Recently bought a 1995 Nissan 200SX 5 Speed turbo with a SR20DET transplant. The referee here in California says the rear wheel drive 2.0L turbo has no U.S. counterpart. Therefore it cannot be certified in its present condition.

Need help finding the U.S. counterpart engine size so I can get this car smogged.

Thanks!!!!!!!


----------



## deception se-r (Jul 24, 2002)

why would he mention anything about a rear wheel drive if you have a 200sx? as for a counterpart for it... there is none. the sr20det was never offered in the US in any configuration. if you want it smogged with that engine youll have to look for a "hook up" like every other turbo sr20 owner.


----------



## TheVodKA (Sep 19, 2002)

Hold up, did you import a foreign car here? Is this a s14?


----------



## Mr.

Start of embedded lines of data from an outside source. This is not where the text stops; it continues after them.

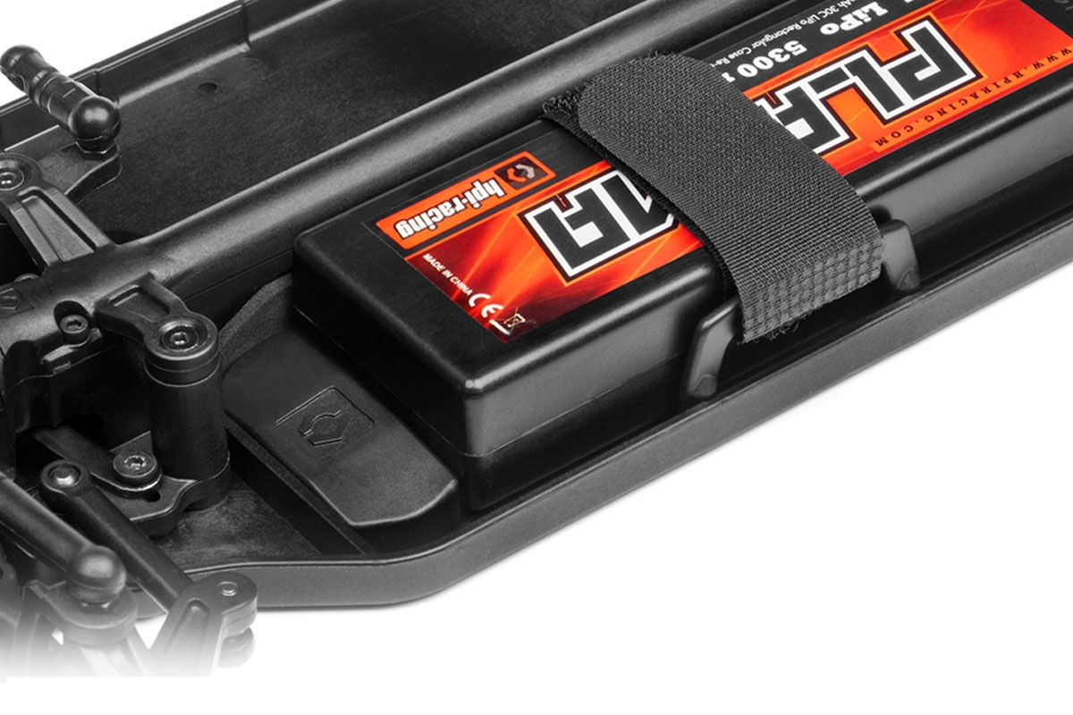 RS4 Sport 3 obsahuje univerzální elektronický regulátor otáček, který může být použit jak s moderními LiPo bateriemi, tak i s NiMH bateriemi. Do prostoru pro baterii se tak vejdou baterie různých velikostí. Pevný popruh drží baterii bezpečně na svém místě a zarážka umožňuje posunutí baterie do požadované pozice dopředu nebo dozadu.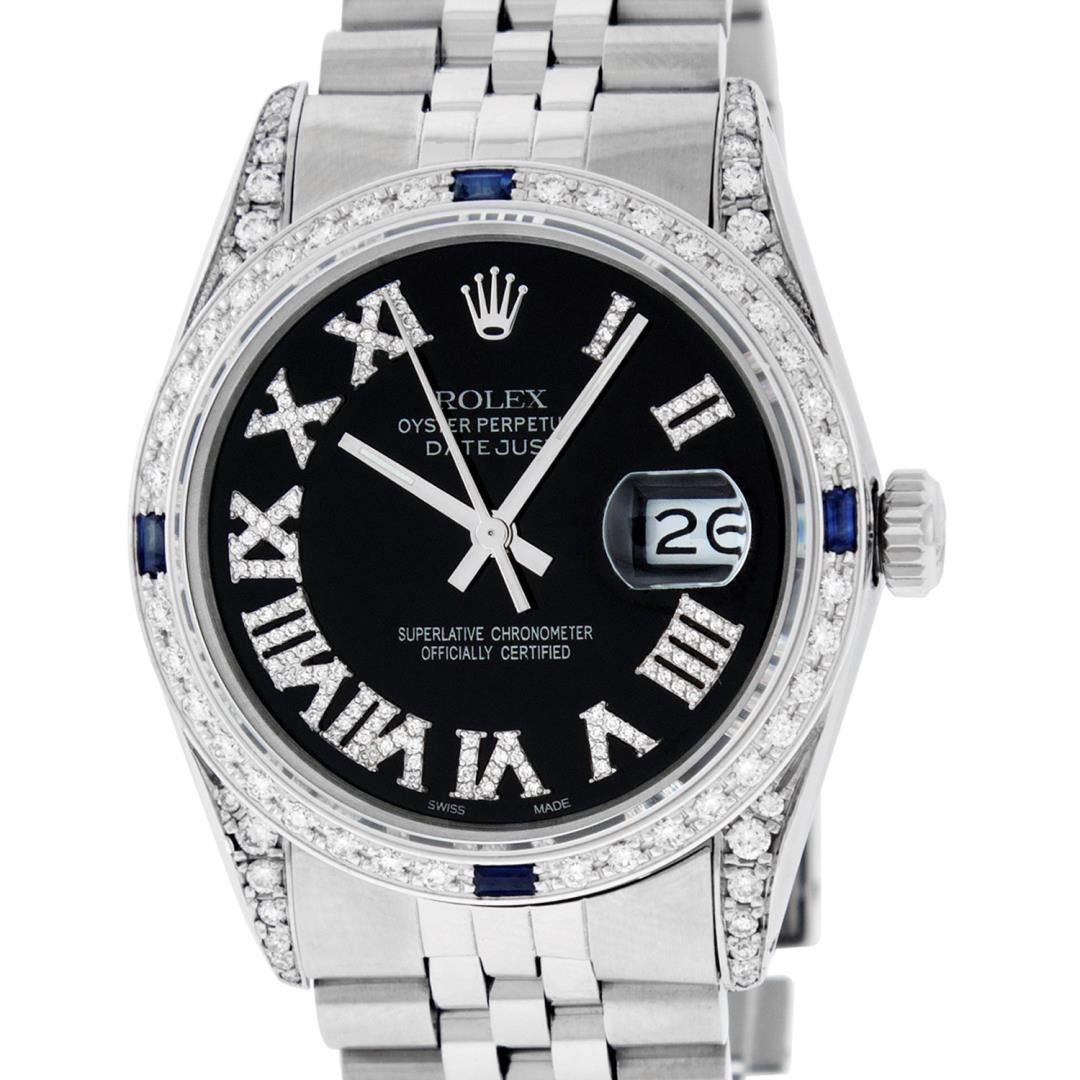 One Mens Pre Owned Stainless Steel Rolex Quickset Datejust Polished Bright with Satin Finish, Serviced And Electronically Tested, Stainless Steel Case: 36mm, Custom Diamond Lugs: 24 Diamonds On Lugs. Stainless Steel Crown, New Custom Bezel: 18K White Gold Beadset + Sapphire Diamond Bezel, Diamond Count: 36 Diamonds + 4 Sapphires On Bezel. Custom Crystal: New Sapphire With Date Window. Rolex Movement: Automatic Winding Movement 3035. Custom Dial: Custom Black Dial With Added Roman Diamond Hour Markers. Date Window: 3 O'Clock Position Date Display, Quickset, Model: Quickset Datejust, Condition: G-6 Extra Fine. Rolex Bracelet: Stainless Steel Jubilee Band. Bright Polish And Satin Finish. 7.0 Inch Length, Adjustable. Standard Clasp, With Rolex Logo. This Watch Has Been Serviced Time Tested And Is In Excellent Condition It Is Free Of All Scratches And Dents.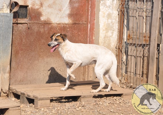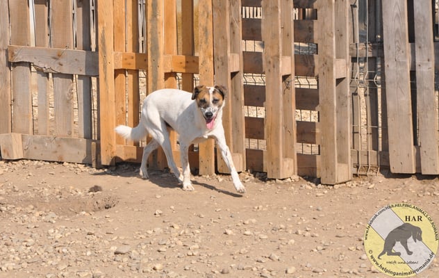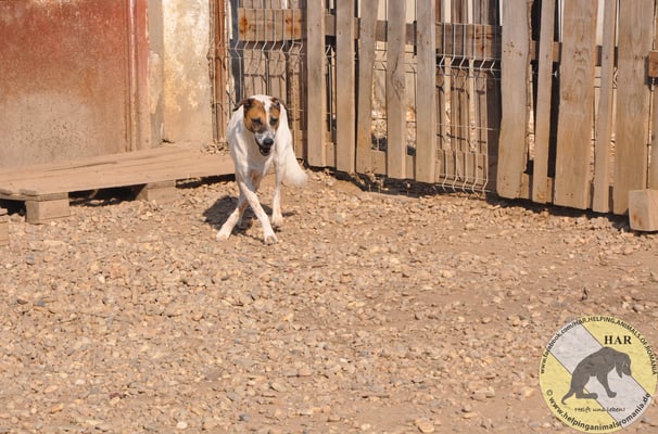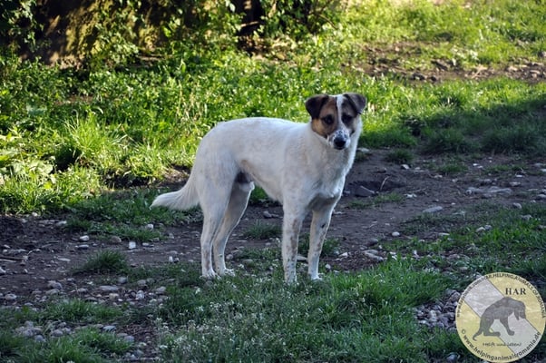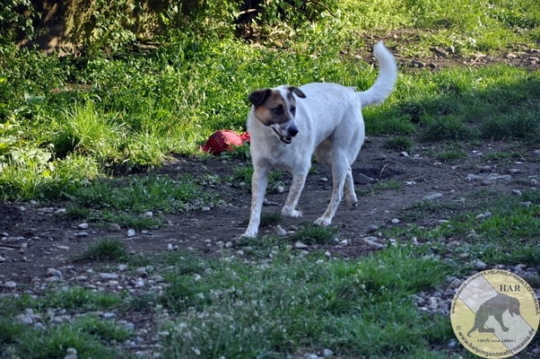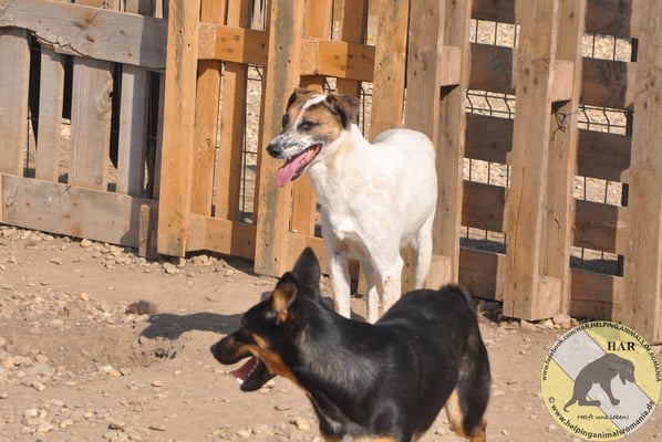 Inzwischen lässt er sich auch anfassen, wenn man sanft und vorsichtig mit ihm spricht. Sein Verhalten im Rudel ist sehr gut und ein Kumpel im neuen Zuhause, würde ihm sicher sehr helfen.

Nice Guy (Jul 28, 2003)

Bad news, you will need to put the engine back to it orignal condition to pass smog. Sorry.


----------



## stealthb14 (Apr 30, 2002)

Mr. Nice Guy said:


> *Bad news, you will need to put the engine back to it orignal condition to pass smog. Sorry. *


 Unless you can find some way around getting smogged.


----------



## NismoXR (May 1, 2002)

Flash, I might be able to help you find a place where you can smog it. Please PM me if your interested.


----------



## Dynamitega (Feb 24, 2003)

flash17 said:


> *Recently bought a 1995 Nissan 200SX 5 Speed turbo with a SR20DET transplant. The referee here in California says the rear wheel drive 2.0L turbo has no U.S. counterpart. Therefore it cannot be certified in its present condition.
> 
> Need help finding the U.S. counterpart engine size so I can get this car smogged.
> 
> Thanks!!!!!!! *


Or talk to the previous owner... see what he/she did with it for smog, chances are, that he/she had it that way for longer than 2 years before selling.


----------